Margo in For All Mankind Season 2.

Due to the time jump in For All Mankind season 2, one thing that doesn’t get shown is the tragic Challenger mission of 1986. In the show, the mission never happens, at least as far as what is portrayed in season 2. Instead, the show skips ahead to the ’90s in the season finale. The final scene in For All Mankind season 2 depicts a space boot stepping foot on Mars. The year is now 1995 and this is where For All Mankind picked up in season 3. This obviously has yet to happen in real life, but NASA did begin to explore Mars remotely as part of a series of Mars Missions in the early 1990s.

To date, no one has stepped foot on Mars, though several countries, including the US, Russia, China, and Japan, as well as the European Union, continue to make progress in their explorations of Mars. NASA’s historic log lists 45 Mars missions between 1968-2018, which doesn’t include those launched in 2020 and several others that are currently in development. The season 3 For All Mankind space race timeline showed how the show’s Mars missions compared, and what sort of progress humans will have made on Mars in the show’s alternate reality. It also led to Ellen becoming the first female POTUS, another huge diversion from history.

How Much Of For All Mankind’s Timeline Could Actually Have Happened?

Women reach the moon on For All Mankind.

For All Mankind is clearly a fictional series. However, this does not mean that the For All Mankind alternate timeline is farfetched. Many of the things that the show explores could have really happened, that is because the historical tweaks for the alternate timeline are well-thought-out and don’t deviate much from reality. While the For All Mankind space race timeline changed several things, the technology on display in the show that the United States and the Soviet Union uses to achieve their fictional dreams really existed at that time in world history. Heading into For All Mankind season 4, the show hopefully keeps this level of authenticity.

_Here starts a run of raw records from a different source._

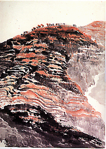 王府井は歩行者天国になった、東風市場がなくなった、等々の話は聞いていたのだが、変化の大きさは想像を超えていた。街の横道・校尉胡同にあった母校の校舎は移転し、今は一部の宿舎と美術館のみがそこに残されていた。記憶の中の四合院の灰色の壁と屋根瓦の景色があまりに鮮明なので、家が消えて拡張された道にバスが走っているのが現実とは思えなかった。美術館の個展会場で恩師の先生方にお会いした時、ようやく「帰ってきた」と実感でき、10数年の時間がつながった気がした。 会場には学生達も多く、興味深げに作品を見てくれた。彼らのものごしは柔らかで、留学当時に出会った学生達に比べ、ずいぶんおちついた印象を受けた。 振り返ると81年の「同学」達は、情報に飢えていて、貪欲だった。私が日本から持参した画集や雑誌を食い入るように見、日本の美術の現状を知りたがり私を質問責めにした。開いたばかりの中国の窓は、まだ全てに対して開かれてはいなかった。しかも、印象派も表現主義も抽象もポップも一挙に入りこんできたため、やや混乱していただろう。しかし、彼らは決して西洋のモダンアートを崇拝していたのではない。多くの学生達が一番興味を持っていたのは、むしろ、中国の土着の文化だった。学生は農村へ行き、農家に泊まり、農民をスケッチした。また民間美術の年画、刺繍、剪紙を学び、時には大学に農民を呼び剪紙の実演をしてもらったりもした。外来の芸術に興味津々でありながら、何より自分のルーツ、中国文化の根を探ろうとしていたのだと思う。そんな彼らが最も敬愛していた画家が、石魯であった。 82年のある日、中庭の掲示板に人だかりがあった。何だろう、と近づくと「石魯が亡くなった」と教えてくれた。学生も老師も沈痛な表情で、そのニュースがどれほどの打撃であったかがすぐに感じ取れた。 石魯は、西北黄土高原を描き続けた画家である。粗削りな画風と題材から、文革中に「野・粗・乱・黒」と批判され、「改革」を強要された。しかし彼は拒否し、ついには発狂してしまう。そのため死刑を免れ、入院と治療の中で絵を描き続けた。初めて間近で彼の作品を見た時、筆の激しさ、墨の重さに圧倒された。がさがさに重ねられた墨の質感は、乾いた大地そのものだった。そこには、中国の文化を育んだ黄河と黄色い大地があった。中国の根源は何か、という問いは、日本の風土に育った私にはあまりにも重い。しかし、石魯の絵は、その一つの答えをあざやかに私の前に示してくれている。 |
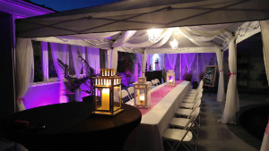 * This package includes everything for a memorable, 18-20 person small party event! Canopy, tables, chairs, linens, napkins, cocktail tables, bar, candles, uplighting, pole drapery, glassware, dinnerware, and flatware, are all included.
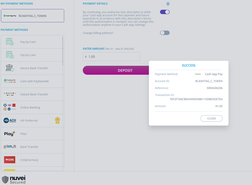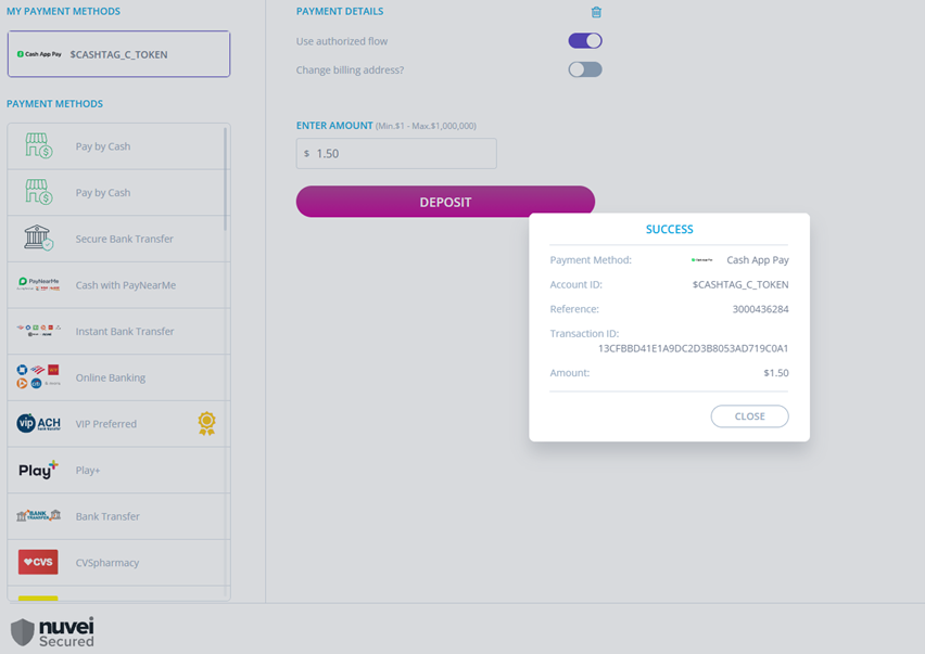 /paymentRequest{ "sessionToken": "282d3fc1e3f3458da86d406d6cfa55510111", "merchantId": "{{merchantId}}", "merchantSiteId": "{{merchantSiteId}}", "userTokenId": "SiltokenRO4021322341", "clientUniqueId": "{{clientRequestId}}", "clientRequestId": "{{clientRequestId}}", "amount": "7", "currency": "USD", "paymentOption": { "alternativePaymentMethod": { "paymentMethod": "apmgw_Cash_App", "cashAppDirectFlow": "true" }, "subMethod": { "subMethod": "RECURRING" } }, "billingAddress": { "firstName": "John", "lastName": "Doe", "email": "[email protected]", "phone": "00359898690366", "dateOfBirth": "1974-04-05", "address": "2992 Cameron Road", "city": "Newark", "zip": "14236", "state": "NY", "country": "US", "language": "en" }, "userDetails": { "firstName": "John", "lastName": "Doe", "email": "[email protected]", "phone": "00359898690366", "dateOfBirth": "1974-04-05", "address": "2992 Cameron Road", "city": "Newark", "zip": "14236", "state": "NY", "country": "US", "language": "en" }, "deviceDetails": { "ipAddress": "192.168.2.38" }, "urlDetails": { "successUrl": "https://apmtest.gate2shop.com/ppp/defaultSuccess.do", "pendingUrl": "https://apmtest.gate2shop.com/ppp/defaultPending.do", "failureUrl": "https://apmtest.gate2shop.com/ppp/defaultCancel.do", "notificationUrl": "https://apmtest.gate2shop.com/ppptest/NotifyMerchantTest" }, "timeStamp": "{{timestamp}}", "checksum": "{{checksum}}" }The response and the DMN include the

While the race to the moon ended differently in the For All Mankind space race timeline, the details of the Apollo 10 mission were extremely faithful, other than replacing the actual astronauts. The show is also very accurate when it comes to the depiction of outer space, and the production team clearly did a lot of research into the space saga to make things as real as possible, while also changing how things changed thanks to human decisions. The alternate timeline in For All Mankind could have been true history if a few things had gone slightly differently — as the show itself masterfully shows.